#### Work required
Emit the data below verbatim, stripping out any pictures.

#### Dataset excerpt

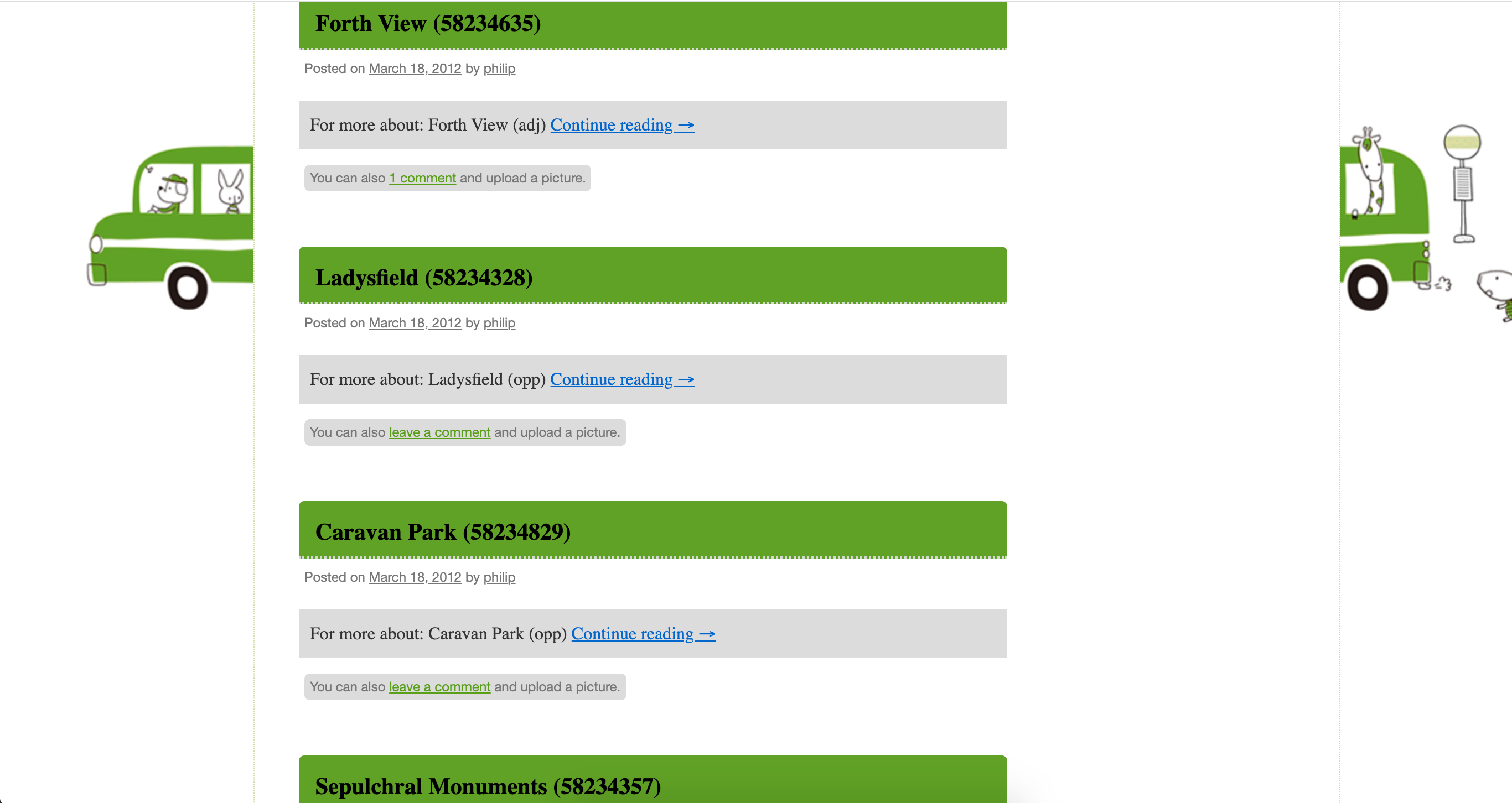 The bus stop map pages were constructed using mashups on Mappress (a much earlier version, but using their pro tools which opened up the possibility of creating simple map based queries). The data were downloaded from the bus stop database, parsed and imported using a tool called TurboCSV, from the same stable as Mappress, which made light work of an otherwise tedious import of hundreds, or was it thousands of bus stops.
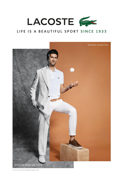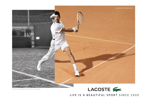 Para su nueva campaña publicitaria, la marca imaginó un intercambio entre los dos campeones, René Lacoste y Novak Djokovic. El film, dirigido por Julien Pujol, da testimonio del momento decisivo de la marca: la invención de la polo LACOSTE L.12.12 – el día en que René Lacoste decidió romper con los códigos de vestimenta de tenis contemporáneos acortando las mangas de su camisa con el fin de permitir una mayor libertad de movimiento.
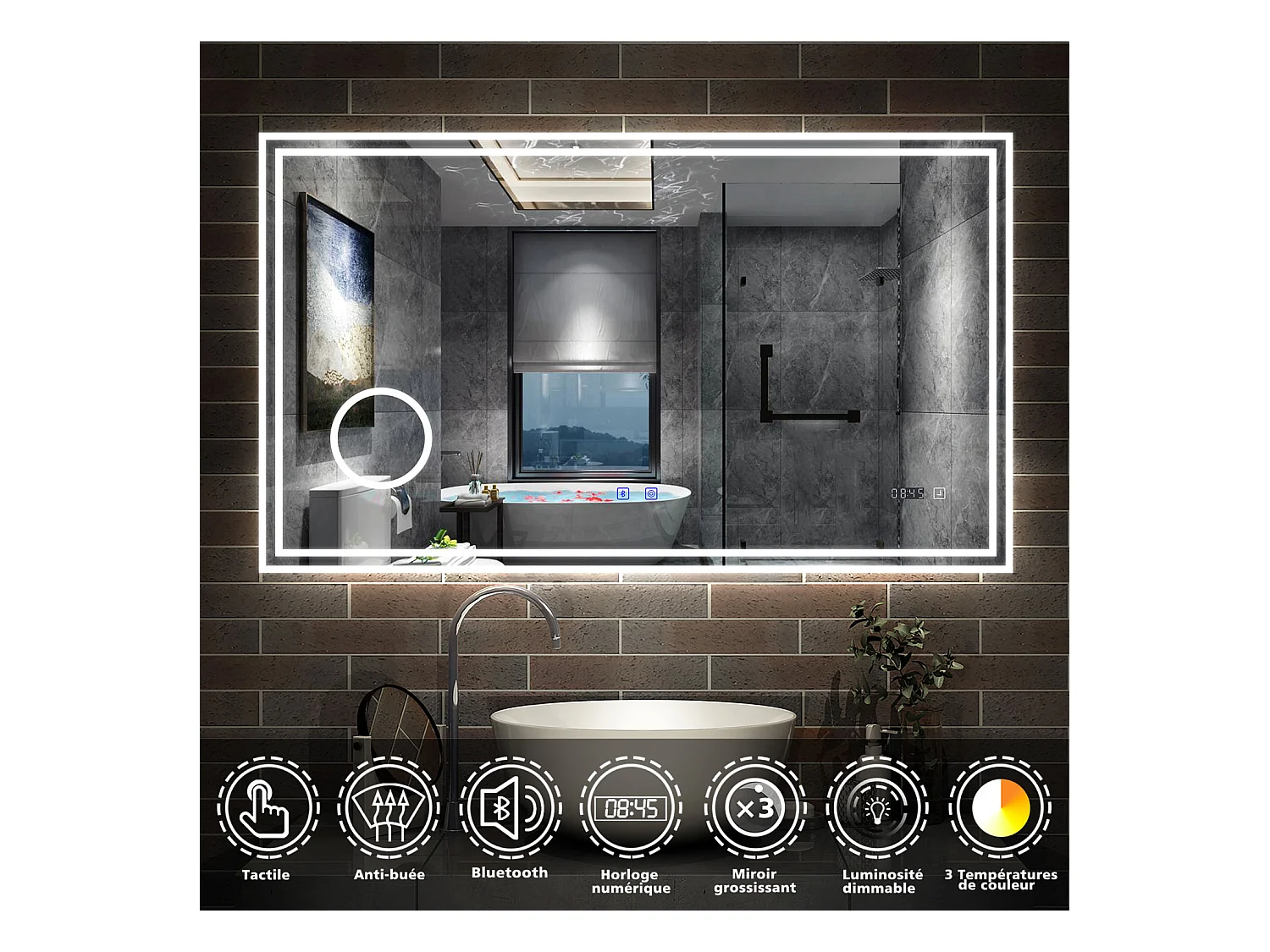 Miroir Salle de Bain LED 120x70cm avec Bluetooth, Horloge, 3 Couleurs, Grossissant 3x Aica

#### Solution for this task
 The bus stop map pages were constructed using mashups on Mappress (a much earlier version, but using their pro tools which opened up the possibility of creating simple map based queries). The data were downloaded from the bus stop database, parsed and imported using a tool called TurboCSV, from the same stable as Mappress, which made light work of an otherwise tedious import of hundreds, or was it thousands of bus stops.
 Para su nueva campaña publicitaria, la marca imaginó un intercambio entre los dos campeones, René Lacoste y Novak Djokovic. El film, dirigido por Julien Pujol, da testimonio del momento decisivo de la marca: la invención de la polo LACOSTE L.12.12 – el día en que René Lacoste decidió romper con los códigos de vestimenta de tenis contemporáneos acortando las mangas de su camisa con el fin de permitir una mayor libertad de movimiento.
 Miroir Salle de Bain LED 120x70cm avec Bluetooth, Horloge, 3 Couleurs, Grossissant 3x Aica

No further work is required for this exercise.